The dreaded Rotten Tomatoes rules all. The highest scoring DC release on that site is, by a country mile, last year's Wonder Woman. It is also, by a similar rural unit of measure, the highest-grossing film in the DC Universe.

A few months after Wonder Woman left cinemas, Justice League – despite finding roles for Batman, Superman and Wonder Woman herself – bombed with Rotten Tomatoes and with punters at the box office.

One could, of course, argue that audiences are simply flocking to the better films and staying away from the weaker ones. But those opening weekends do still wax and wane in direct proportion to Rotten Tomatoes scores.

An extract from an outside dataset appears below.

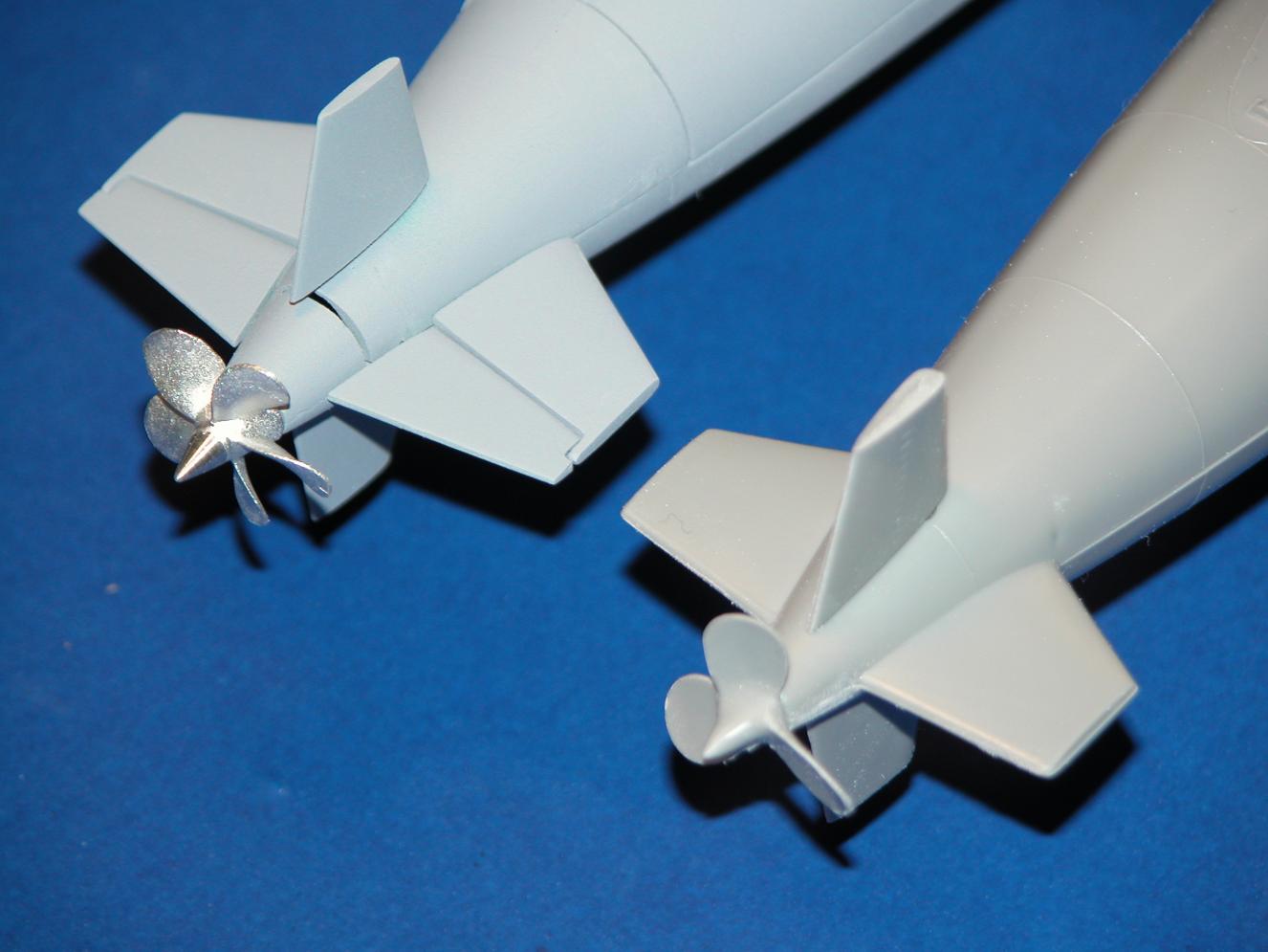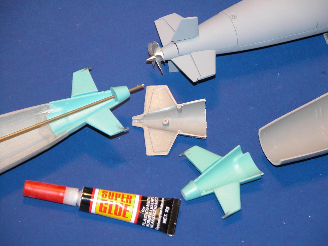 The two-piece cast resin stern is attached to the aft end of a kit hull once it's out-of-scale stern is chopped off with a razor saw. Only the bottom half of the new tail-cone is permanently bonded with CA adhesive. Later, the upper half of the tail-cone is glued atop the lower half -- but only with RTV adhesive. If need be I can, with relative ease and no damage, pop the upper tail-cone off for servicing of the rudder or stern plane yokes.
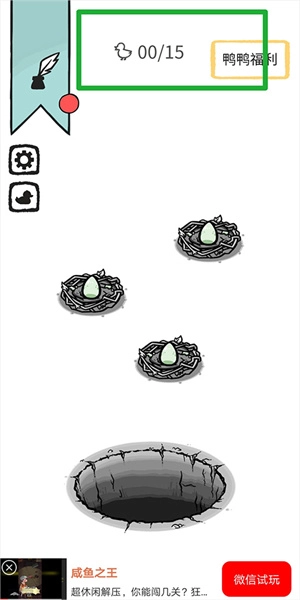3、创意互动:玩家把鸭子投进洞穴,就能解锁新的鸭蛋,这种充满巧思的互动设计,让游戏体验变得更充实、更有乐趣。

If a film's status as "fresh or rotten" was not an issue then why would the more fanatic of DC supporters continue to allege that there was a critical bias against their superheroes and in favour of Marvel releases. Obviously, this is nonsense. When DC actually delivered a decent release with Wonder Women, the critics swung enthusiastically behind it. But it is significant that the accusers feel the accusation worth making. Those scores do have an effect.

Critics can, if they wish to stay sane, tell themselves that the words themselves matter. They do still matter in some places. The move to ban advance press screenings at the upcoming Cannes film festival confirms that festival directors don’t want to accompany directors up the red carpet hours after critics have slammed the debuting film. And nobody cares about Rotten Tomatoes there.

In truth, however, it's the scores, rather than the beautifully honed phrases, that drive success such as that justifiably enjoyed by A Quiet Place.

Or maybe it’s not. I don’t know anything. You don’t know anything. Nobody knows anything.